The p-harmonic transforms are the most natural nonlinear counterparts of the Riesz transforms in ℝ^{n}. They originate from the study of the p-harmonic type equation div|∇u|^{p-2}∇u = divf, where f: Ω → ℝ^{n} is a given vector field in ℒ^{q} (Ω, ℝ^{n}) and u is an unknown function of Sobolev class W_{0}^{1,p}(Ω, ℝ^{n}), p + q = pq.
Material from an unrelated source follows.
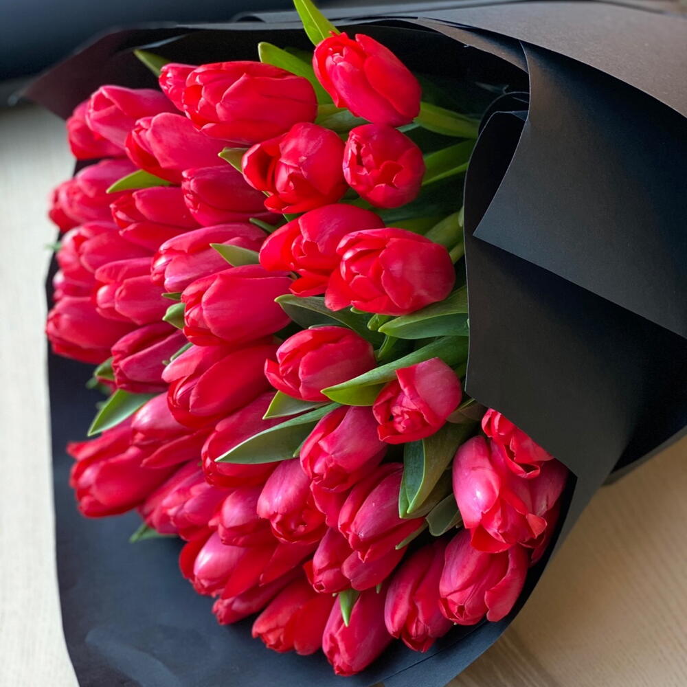 Two Lips Kiss: La Ruée Écarlate Enflammez les sens avec notre Two Lips Kiss, un chef-d'œuvre monochrome époustouflant composé de 55 tulipes rouges de qualité supérieure. Contrairement aux bouquets standards, cet arrangement Grande mise sur une couleur pure et saturée et un volume architectural, créant un nuage vibrant de passion saisonnière. Chaque tige est sélectionnée à la main pour sa robustesse et sa teinte vive, garantissant une présentation dense et d'un fort impact qui évolue magnifiquement dans le vase. Pour contraster l'intensité rouge des fleurs, nous les avons enveloppées dans un habillage noir de minuit, tranchant et sculptural, conférant à ce classique de jardin une touche moderne et haute couture. • Les Fleurs : 55 tulipes rouges de qualité Grade A pour une densité visuelle inégalée. • La Silhouette : Un dôme massif, lié à la main, conçu pour se distinguer comme une déclaration audacieuse pour l'intérieur. • La Présentation : Emballage signature noir mat avec une finition artisanale professionnelle.

The p-harmonic transform ℋ_{p}: ℒ^{q}(Ω, ℝ^{n}) → ℒ^{p}(Ω, ℝ^{n}) as-signs to f the gradient of the solution: ℋ_{p}f = ∇u ∈ ℒ^{p}(Ω, ℝ^{n}). More general PDE's and the corresponding nonlinear operators are also considered. We investigate the extension and continuity properties of the p-harmonic transform beyond its natural domain of definition. In particular, we identify the exponents λ > 1 for which the operator ℋ_{p}: ℒ ^{λq}(Ω, ℝ^{n}) → ℒ^{λp}(Ω, ℝ^{n}) is well defined and remains continuous. Rather surprisingly, the uniqueness of the solution ∇u ∈ ℒ^{λp}(Ω, ℝ^{n}) fails when λ exceeds certain critical value. In case p = n = dim Ω, there is no uniqueness in W^{1,λn}(ℝ^{n}) for any λ > 1.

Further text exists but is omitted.